In Angelopoulus v. Lazarus PA Inc., the Superior Court upheld a determination that placing a person in "handcuffs is not a per se violation of the Retail Theft Act so long as the handcuffs are used to accomplish one or more of the enumerated justifications of a detention." 884 A.2d 255, 260 (Pa.Super.Ct. 2005). In that case, a woman had eaten chocolates from an opened box on a store display thinking that they might be free samples. Id. at 257. A store employee witnessed her eat the chocolates, and asked her to accompany her to the loss prevention office. Id. Once inside, the plaintiff was handcuffed to a table, asked for personal identification, and her person and belongings were searched. Id. The trial court found that the detention was reasonable, and the store was entitled to immunity under the statute. Id. at 260. However, the store continued to detain the woman after this point, and its later actions were not entitled to immunity under Retail Theft Act.
The detention Ferdinand was subjected to was not as serious as the detention in Angelopoulus, which the Superior Court found reasonable.

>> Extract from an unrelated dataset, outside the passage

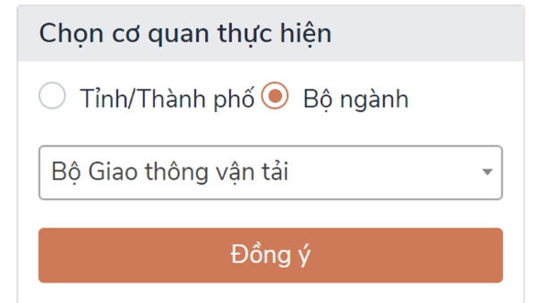 Bước 5: Tại mục “Chọn cơ quan thực hiện” tại phía bên phải màn hình, bạn chọn “Tỉnh/ Thành phố” hay “Bộ ngành” tương ứng. Sau đó, bạn nhấn Đồng ý.

Hanton's action in grabbing Ferdinand's hand to stop her from leaving with store merchandise was much less intrusive that being handcuffed to a table. Thus, this Court finds that the detention at issue in this action was for a reasonable time and in a reasonable manner. Consequently, the Defendants are entitled to immunity from civil liability as expressed in 18 Pa. Cons. Stat. Ann. § 3929(d). Summary judgment is granted in favor of both Defendants on all counts contained in the Complaint.
An appropriate Order follows.
ORDER
AND NOW, this 14th day of April, 2008, upon consideration of Defendant Save-A-Lot/Supervalu's Motion for Summary Judgment pursuant to Fed.R.Civ.P. 56 (Doc. No. 16), and the responses and reply thereto, it is hereby ORDERED that the Motion is GRANTED in regard to all Defendants.